I was glad to learn recently of the following happenings on the Used Gear Page:

Greg Morris sold a Canon EOS-1DX in near-mint condition for the BAA record-low price of $2499.00 and a Canon EF 500mm f/4L IS USM lens (the old five) in very good plus condition for $3447 (was $3700) in mid-February.
Ann Nguyen is sold her Canon 300mm f/2.8 L IS lens (the original version) in excellent plus condition to a friend for $2500 but did not realize that she owed me a check for $73.75, 2 1/2% of the original listing price. A third party inquired about the lens, learned that it had been sold, and notified me. Once I contacted Ann she quickly made things right.
David R. Gibson sold a Canon EOS-1D Mark III on eBay for $519. He cheerfully sent me a check for $25 to cover the minimum listing fees.
Multiple IPT veteran Gil Moe sold a brand new in the box Canon BG-E20 Battery Grip for EOS 5D Mark IV for $259 in early February.
Galapagos IPT veteran Paul Reinstein sold his Canon EF 100mm f2.8 USM macro lens in near-mint condition (but for a speck of dirt near the center of the lens) for $225 on e-Bay in late January and gladly forked over $25 🙂 Thanks Paul!

The Streak

Today makes two hundred seven days in a row with a new educational blog post! This one took about an hour to prepare. With all of my upcoming free time (or not…), the plan right now is to break the current record streak of 480 … Good health and good internet connections and my continuing insanity willing.

High-K-ACR-defaults----YELLO-

This image was created on the morning of Tuesday, February 20, 2018 while standing thigh deep in Tampa Bay next to the Hooptie Deux. I used the Induro GIT 304L/Mongoose M3.6-mounted Nikon AF-S NIKKOR 600mm f/4E FL ED VR lens, the Nikon AF-S Teleconverter TC-14E III, and the Nikon D850. ISO 1000. Matrix metering +1 stop as originally framed: 1/1600 sec. at f/6.3. K7690 WB at 7:29am with some sweet early morning light.

Center Group (grp) Shutter Button AF. Above are the ACR default settings.

Brown Pelican scratching in flight

Oops!

When I am using a high Kelvin setting in the field to juice up sunrise or sunset colors, I generally remember to change the WB setting the moment that I turn away from the sun. On Tuesday morning past, I forgot to do that. I did not realize my error until well into the morning session, in part because I am not quite used to the colors on the Nikon LCDs. In yesterday’s blog post, I wrote:

While you can always change the white balance during the RAW conversion, shooting all morning at K7690 can be problematic as most of the images will look over-saturated/over-exposed during a laptop review; apparent sharpness is affected as well. None-the-less I was able to create lovely versions of many of my favorites.

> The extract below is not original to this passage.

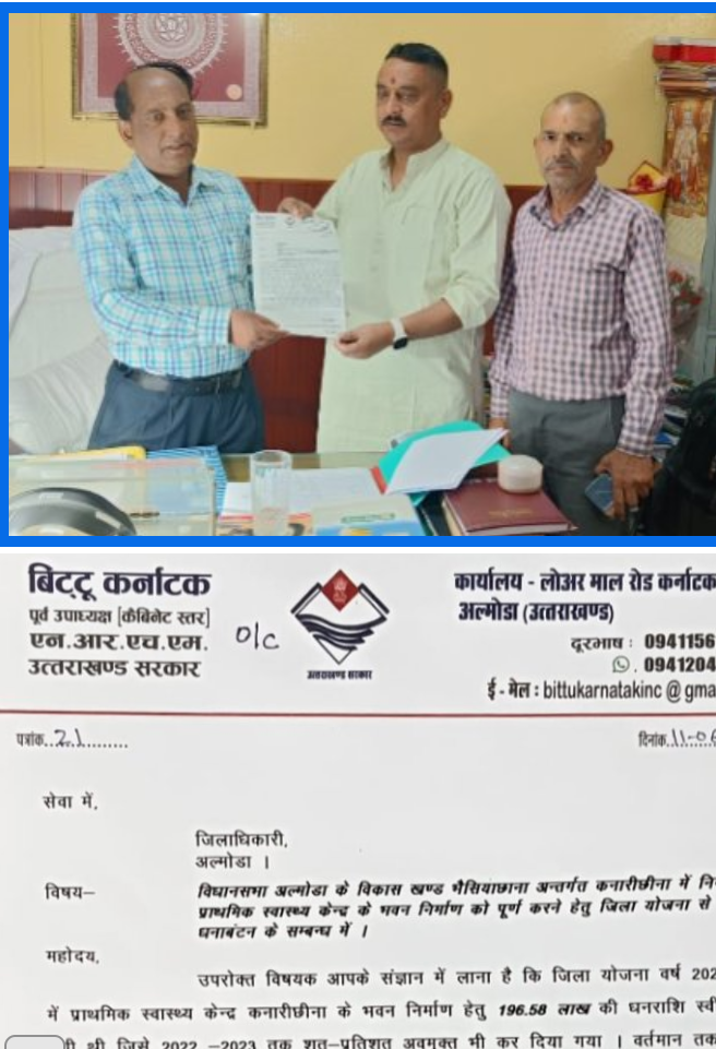 अल्मोड़ा-विधानसभा अल्मोडा के विकास खण्ड भैसियाछाना अन्तर्गत कनारीछीना में निर्माणाधीन प्राथमिक स्वास्थ्य केन्द्र के भवन निर्माण को पूर्ण करने हेतु जिला योजना से धनावंटन करने की मांग को लेकर पूर्व दर्जा मंत्री बिट्टू कर्नाटक ने जिलाधिकारी को पत्र प्रेषित किया , तथा मुख्य चिकित्सा अधिकारी अल्मोड़ा को ज्ञापन सौंप कर तत्काल कार्रवाई की मांग की। पत्र के माध्यम से श्री कर्नाटक ने कहा कि जिला योजना वर्ष 2021-2022 में प्राथमिक स्वास्थ्य केन्द्र कनारीछीना के भवन निर्माण हेतु 196.58 लाख की धनराशि स्वीकृत की गयी थी जिसे 2022- 2023 तक शत-प्रतिशत अवमुक्त भी कर दिया गया वर्तमान तक निर्माण कार्य मात्र 45 प्रतिशत ही पूर्ण हो पाया है। श्री कर्नाटक ने यह भी जोर देते हुए कहा कि इस क्षेत्र के अन्तर्गत चिकित्सा की पर्याप्त सुविधा न होने के कारण बीमार व्यक्तियों को अल्मोडा मेडिकल कालेज ले जाने के अतिरिक्त उनके पास कोई विकल्प नहीं है, उक्त निर्माणाधीन प्राथमिक स्वास्थ्य केन्द्र के में लाखों रूपये व्यय होने के बाद भी अभी तक भवन की छत नहीं पड़ पायी है। उन्होंने कहा कि प्राथमिक स्वास्थ्य केन्द्र कनारीछीना के भवन निर्माण हेतु पुनरीक्षित आंगणन रू. 398.86 लाख प्रेषित किया गया था जिसकी स्वीकृति वर्तमान तक अपेक्षित है। श्री कर्नाटक ने कहा कि इस प्राथमिक स्वास्थ्य केन्द्र के भवन को पूर्ण किये जाने हेतु पुनरीक्षित आंगणन के अनुसार धनराशि रू. 200 लाख की तत्काल आवश्यकता है, जिसके लिए उक्त प्राथमिक स्वास्थ्य केन्द्र के भवन निर्माण हेतु पुनरीक्षित आगंणन के अनुसार धनराशि रू. 200 लाख विशेष प्राथमिकता आधार पर जिला योजना से स्वीकृत कर अवमुक्त करने की मांग श्री कर्नाटक ने की है, और कहा है कि प्राथमिक स्वास्थ्य केंद्र के निर्माण से सुदूर वर्तीय क्षेत्र के लोगों को को स्वास्थ्य सुविधा का लाभ प्राप्त हो सकेगा ,और उन्हें उपचार हेतु अल्मोडा अथवा मैदानी क्षेत्रों की ओर दौड नहीं लगानी पड़ेगी, और अनावश्यक व्यय होने वाली धनराशि से भी बचा जा सकेगा।

Above you see the horrible yellow cast that resulted from mistakenly being at K7690. The image is as it appeared in ACR with the ACR defaults.

High-K-after-ACR

Above are the ACR settings that I made to convert today’s featured image. Click on the image so that you are better able to read the fine print.

Brown Pelican scratching in flight

The ACR Corrections

Note that the color has been corrected nicely, that the YELLOW cast has been eliminated, and that the WHITEs and highlights have been toned down. Compare the sliders with the default settings above. I was surprised at the considerable vignetting at f/6.3. I will try f/7.1 this weekend in similar situations. Note that I failed to correct the vignetting during the RAW conversion (using the fx (Effects) tab. I almost always forget to do that in Photoshop with my NEF files because DPP 4 automatically corrected the vignetting when I loaded the appropriate camera body/ISO recipe. Eliminating the vignetting in Photoshop is somewhat of a pain as there are four sliders to adjust in addition to the Amount slider …

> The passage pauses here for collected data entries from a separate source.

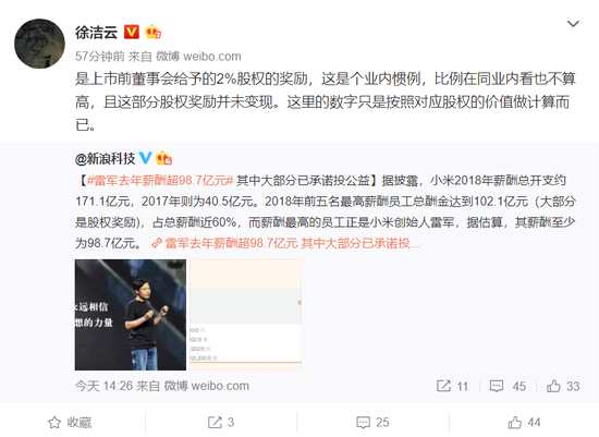 雷軍薪酬超小米公司一半?回應(yīng):股權(quán)獎(jiǎng)勵(lì)并未變現(xiàn)
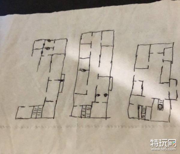 三层的平面图,仍然有七个房间,右侧房间仍有一个小隔间,应该是关囚犯的地方。
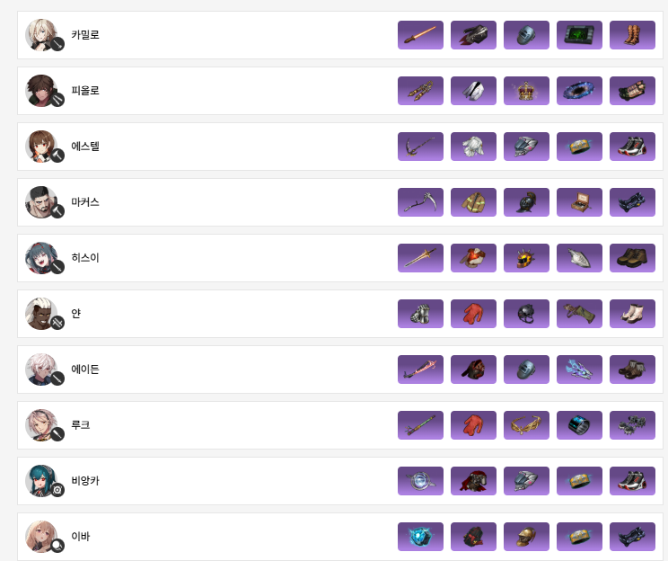 캐릭터별 인기 아이템 빌드

Brown-Pelican-scratching-in-flight-_DSC4281--Alafia-Banks,-Tampa-Bay,-FL

This image was created on the morning of Tuesday, February 20, 2018 while standing thigh deep in Tampa Bay next to the Hooptie Deux. I used the Induro GIT 304L/Mongoose M3.6-mounted Nikon AF-S NIKKOR 600mm f/4E FL ED VR lens, the Nikon AF-S Teleconverter TC-14E III, and the Nikon D850. ISO 1000. Matrix metering +1 stop as originally framed: 1/1600 sec. at f/6.3. K7690 WB at 7:29am with some sweet early morning light.

Center Group (grp) Shutter Button AF. Click on the image to enjoy a larger version.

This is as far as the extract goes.